### Records for this exercise
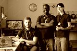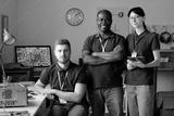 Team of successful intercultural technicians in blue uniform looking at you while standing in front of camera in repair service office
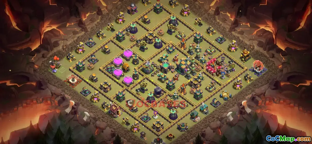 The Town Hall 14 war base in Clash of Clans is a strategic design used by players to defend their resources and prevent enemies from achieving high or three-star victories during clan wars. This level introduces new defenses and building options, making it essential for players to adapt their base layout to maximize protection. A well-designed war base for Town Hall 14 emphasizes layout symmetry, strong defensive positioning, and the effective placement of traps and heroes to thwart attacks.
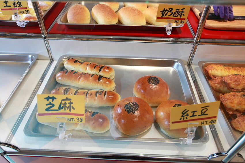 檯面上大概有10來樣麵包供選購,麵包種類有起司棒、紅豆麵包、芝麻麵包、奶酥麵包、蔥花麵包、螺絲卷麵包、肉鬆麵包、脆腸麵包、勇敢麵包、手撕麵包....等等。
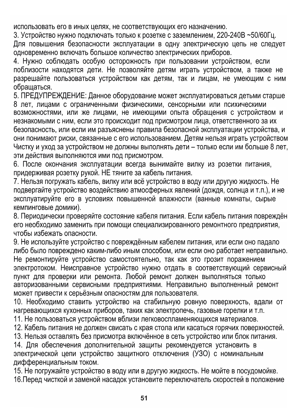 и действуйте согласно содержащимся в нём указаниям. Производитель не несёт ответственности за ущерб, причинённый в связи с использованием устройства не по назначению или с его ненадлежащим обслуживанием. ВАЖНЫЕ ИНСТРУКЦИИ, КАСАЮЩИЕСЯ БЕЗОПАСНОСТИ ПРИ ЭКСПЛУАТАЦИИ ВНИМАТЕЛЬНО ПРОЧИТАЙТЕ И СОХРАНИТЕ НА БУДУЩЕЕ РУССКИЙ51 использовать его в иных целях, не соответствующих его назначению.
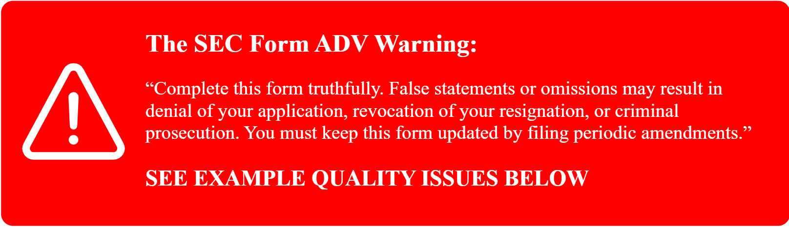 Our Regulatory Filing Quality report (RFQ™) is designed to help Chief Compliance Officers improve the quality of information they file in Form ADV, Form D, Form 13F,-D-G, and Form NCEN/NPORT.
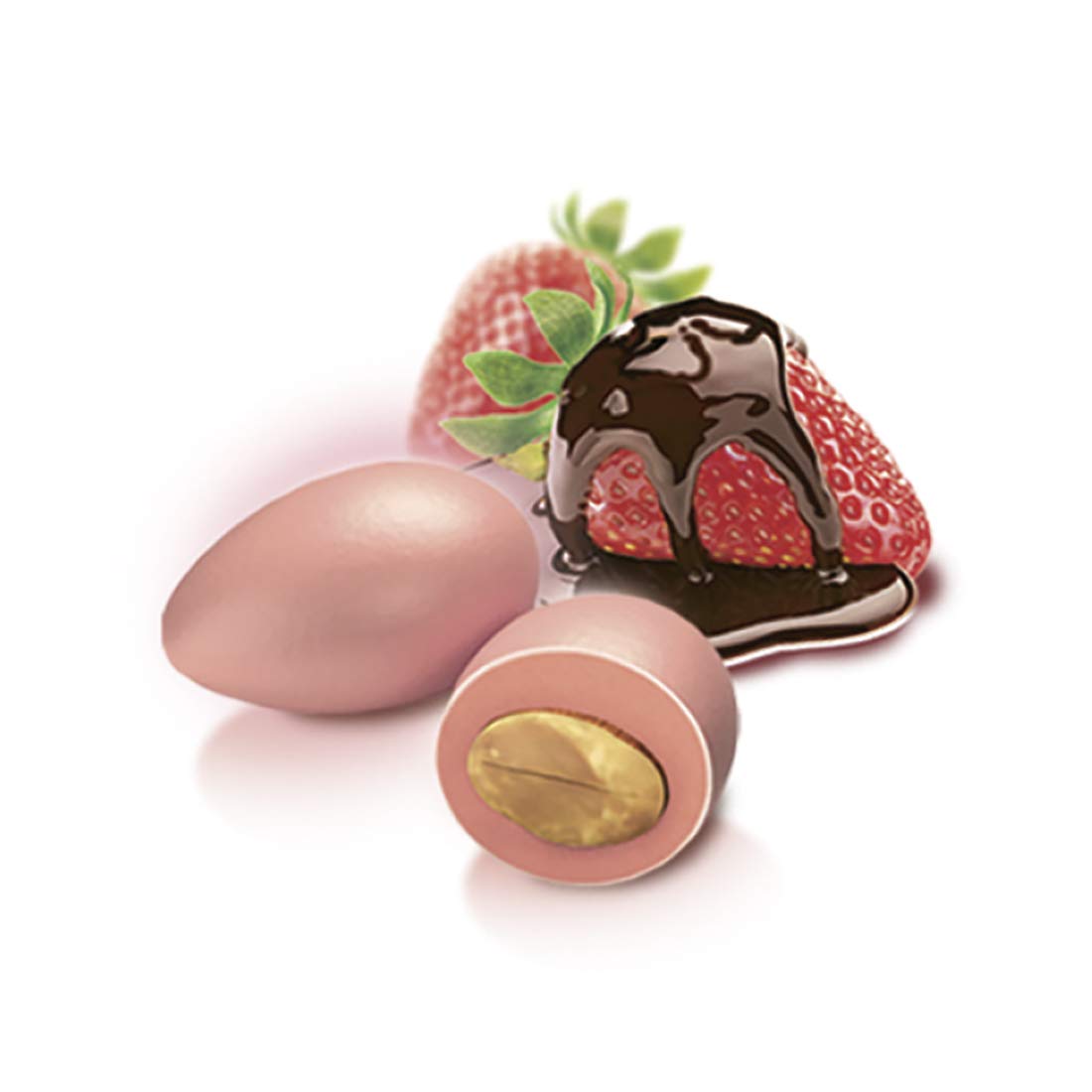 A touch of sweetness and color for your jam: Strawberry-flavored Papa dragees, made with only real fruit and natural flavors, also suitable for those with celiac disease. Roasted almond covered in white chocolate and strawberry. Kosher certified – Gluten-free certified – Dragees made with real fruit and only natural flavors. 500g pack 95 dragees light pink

* * *

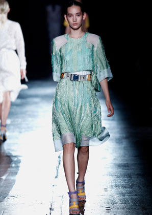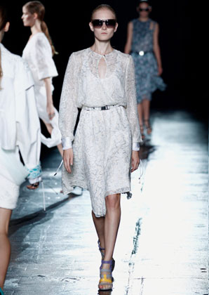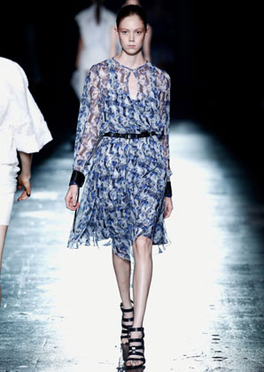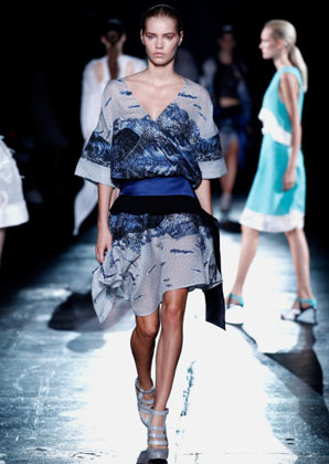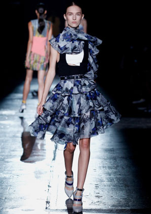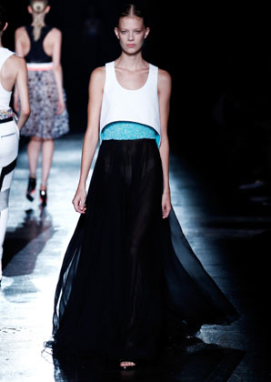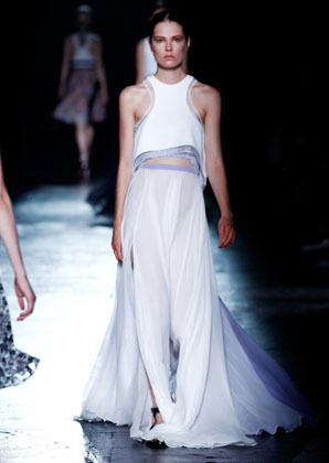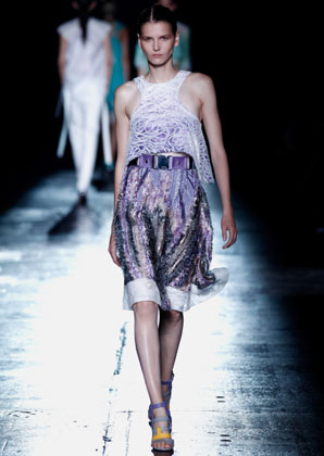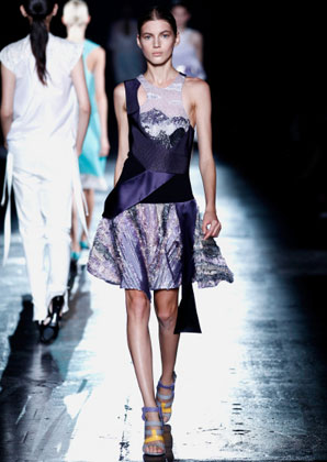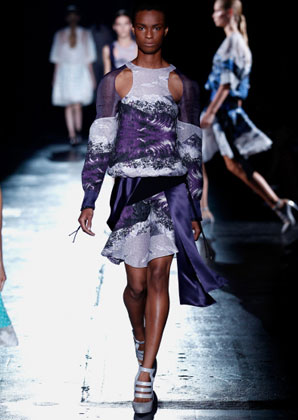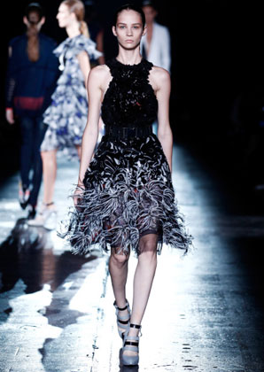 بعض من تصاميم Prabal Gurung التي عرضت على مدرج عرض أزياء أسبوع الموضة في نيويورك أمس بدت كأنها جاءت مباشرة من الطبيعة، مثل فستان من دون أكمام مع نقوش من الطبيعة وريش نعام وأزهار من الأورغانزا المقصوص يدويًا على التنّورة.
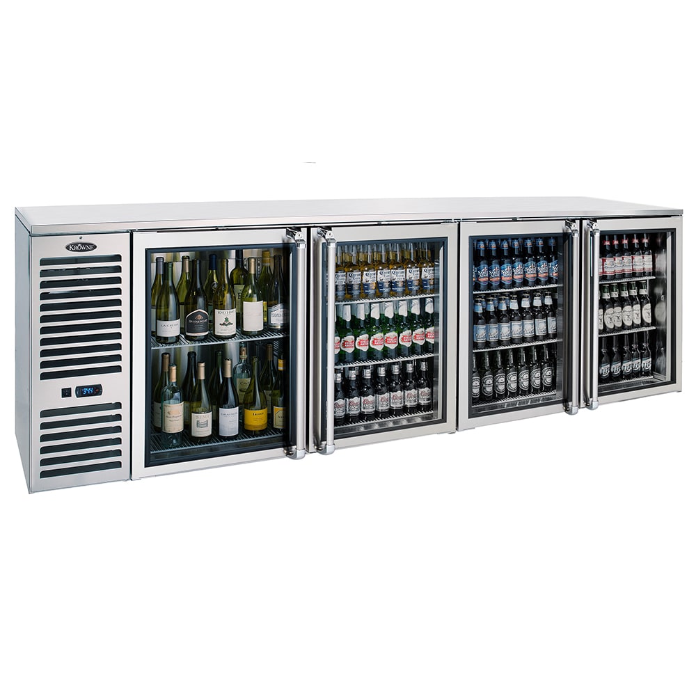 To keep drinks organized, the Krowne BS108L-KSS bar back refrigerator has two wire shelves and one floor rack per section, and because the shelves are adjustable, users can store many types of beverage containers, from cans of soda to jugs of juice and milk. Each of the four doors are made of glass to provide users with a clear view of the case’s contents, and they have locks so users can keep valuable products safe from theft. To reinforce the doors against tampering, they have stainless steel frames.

### Task details
Output exactly those lines of the data above that run from the line with "Team of successful" up to and including the line with "A touch of sweetness". No pictures go in.

### Completed task
 Team of successful intercultural technicians in blue uniform looking at you while standing in front of camera in repair service office
 The Town Hall 14 war base in Clash of Clans is a strategic design used by players to defend their resources and prevent enemies from achieving high or three-star victories during clan wars. This level introduces new defenses and building options, making it essential for players to adapt their base layout to maximize protection. A well-designed war base for Town Hall 14 emphasizes layout symmetry, strong defensive positioning, and the effective placement of traps and heroes to thwart attacks.
 檯面上大概有10來樣麵包供選購,麵包種類有起司棒、紅豆麵包、芝麻麵包、奶酥麵包、蔥花麵包、螺絲卷麵包、肉鬆麵包、脆腸麵包、勇敢麵包、手撕麵包....等等。
 и действуйте согласно содержащимся в нём указаниям. Производитель не несёт ответственности за ущерб, причинённый в связи с использованием устройства не по назначению или с его ненадлежащим обслуживанием. ВАЖНЫЕ ИНСТРУКЦИИ, КАСАЮЩИЕСЯ БЕЗОПАСНОСТИ ПРИ ЭКСПЛУАТАЦИИ ВНИМАТЕЛЬНО ПРОЧИТАЙТЕ И СОХРАНИТЕ НА БУДУЩЕЕ РУССКИЙ51 использовать его в иных целях, не соответствующих его назначению.
 Our Regulatory Filing Quality report (RFQ™) is designed to help Chief Compliance Officers improve the quality of information they file in Form ADV, Form D, Form 13F,-D-G, and Form NCEN/NPORT.
 A touch of sweetness and color for your jam: Strawberry-flavored Papa dragees, made with only real fruit and natural flavors, also suitable for those with celiac disease. Roasted almond covered in white chocolate and strawberry. Kosher certified – Gluten-free certified – Dragees made with real fruit and only natural flavors. 500g pack 95 dragees light pink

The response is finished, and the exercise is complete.